Memory 402 is coupled to processor 400 and, in some embodiments, other components of block I/O device 300, comprising one or more non-transitory information storage devices, such as RAM, ROM, flash memory, or other type of electronic, optical, or mechanical memory device. Memory 402 is used to store processor-executable instructions for operation of block I/O device 300, as well as a dynamic arbitration scheme and one or more predictive branching algorithms. In some embodiments, a portion of memory 402 may be embedded into processor 400. Memory 402 may additionally comprise one or more separate cache memories for temporary storage of data to or from the host computers. Finally, memory 402 excludes media for propagating signals.

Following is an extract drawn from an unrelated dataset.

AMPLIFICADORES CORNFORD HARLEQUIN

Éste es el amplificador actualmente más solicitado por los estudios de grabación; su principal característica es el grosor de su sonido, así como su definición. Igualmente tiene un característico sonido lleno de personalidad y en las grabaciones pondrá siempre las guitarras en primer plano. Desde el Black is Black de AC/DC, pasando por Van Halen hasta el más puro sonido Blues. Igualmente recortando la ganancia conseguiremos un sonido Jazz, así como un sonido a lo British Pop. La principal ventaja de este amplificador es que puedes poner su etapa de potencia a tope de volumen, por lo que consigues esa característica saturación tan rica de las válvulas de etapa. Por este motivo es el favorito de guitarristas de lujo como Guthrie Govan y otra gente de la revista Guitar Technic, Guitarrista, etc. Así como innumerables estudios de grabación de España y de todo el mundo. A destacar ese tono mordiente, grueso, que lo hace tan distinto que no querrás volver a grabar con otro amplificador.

Data bus interface 404 is coupled to processor 400 as well as to other components of block I/O device 300, comprising a high speed, bi-directional interface between the host computers and block I/O device 300. Data bus interface 404 comprises circuitry to implement physical layer functions for transport of data and, typically, an end point controller. In one embodiment, data bus interface 404 is coupled to data bus interface logic (described later herein), which is responsible for managing data bus interface 404 so that block I/O device 300 appears to the computer hosts as a block IO device. In this embodiment, the data bus interface logic performs all command processing and error handling as required by the NVMe interface protocol. In some embodiments, data bus interface 404 translates AXI commands and associated data from processor 400 into PCIe Transfer Layer Packets (TLPs). Conversely, data bus interface 404 receive PCIe packets (TLP/CPLD) from data bus 304 and translates them into AXI commands and data packets which are then passed to the processor 400 and/or the data engine modules, described later herein.

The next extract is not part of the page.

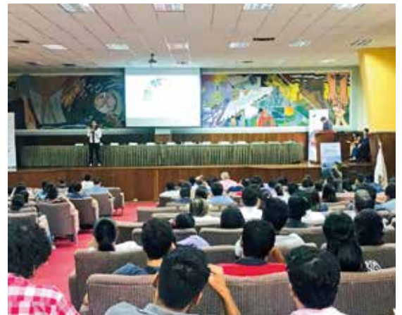
El Simposio Ambiental 2019 tuvo aproximadamente trescientos asistentes.

Se expusieron las prácticas que nos hicieron acreedores a la Ecoeficiencia, así como las soluciones avaladas con el sello Carbono Neutro. Además, mostramos los beneficios que Geocycle brinda mediante sus actividades de coprocesamiento.

Mass storage memory 406 is coupled to processor 400 as well as other components of block I/O device 300, comprising one or more non-transitory, non-volatile, information storage devices, such as flash memory, or other suitable type of high-speed electronic, optical, or mechanical memory, used to store data provided by the hosts. In one embodiment, mass storage memory 406 comprises a number of NAND flash memory chips, arranged in a series of banks and channels, to provide storage on the order of multiple terabytes. Mass storage memory 406 is typically coupled to one or more flash channel controllers (not shown) as well as one or more cache memories, where data for storage is temporarily stored by processor 400. Mass storage device 406 excludes media for propagating signals.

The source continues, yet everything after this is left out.